**Given data:**
▬▬▬▬▬▬

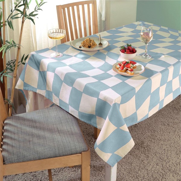 • MODERN DESIGN - This rectangular tablecloth or baby blue tablecloth measures 60 x 84 inches. These table cloth rectangle have an elegant design that exudes vintage vibes. The linen table cloth or blue gingham tablecloth will protect your tables from dust and scratches.
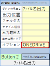1)オプションの設定欄を追加して、ONEDRIVE を設定できるようになったセルリンクボタン | ||||||||||||||||||||||||||||||||||||
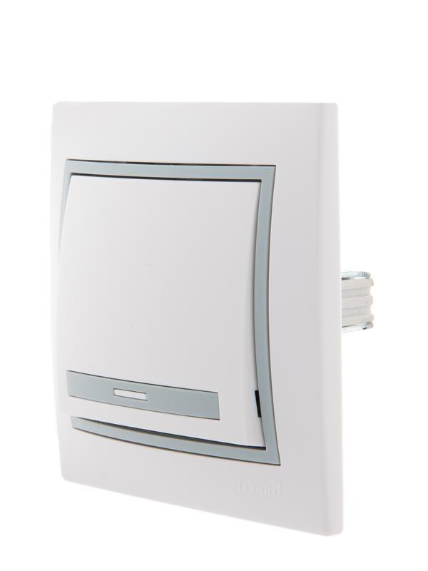 Выключатель 1-кл. СП Mira 10А IP20 с сер. вставкой бел. LEZARD 701-0215-100

▬▬▬▬▬▬

**What is expected:**
Pictures stay out; everything else in the listing above is to be repeated exactly.

**Solved exercise:**
 • MODERN DESIGN - This rectangular tablecloth or baby blue tablecloth measures 60 x 84 inches. These table cloth rectangle have an elegant design that exudes vintage vibes. The linen table cloth or blue gingham tablecloth will protect your tables from dust and scratches.
1)オプションの設定欄を追加して、ONEDRIVE を設定できるようになったセルリンクボタン | ||||||||||||||||||||||||||||||||||||
 Выключатель 1-кл. СП Mira 10А IP20 с сер. вставкой бел. LEZARD 701-0215-100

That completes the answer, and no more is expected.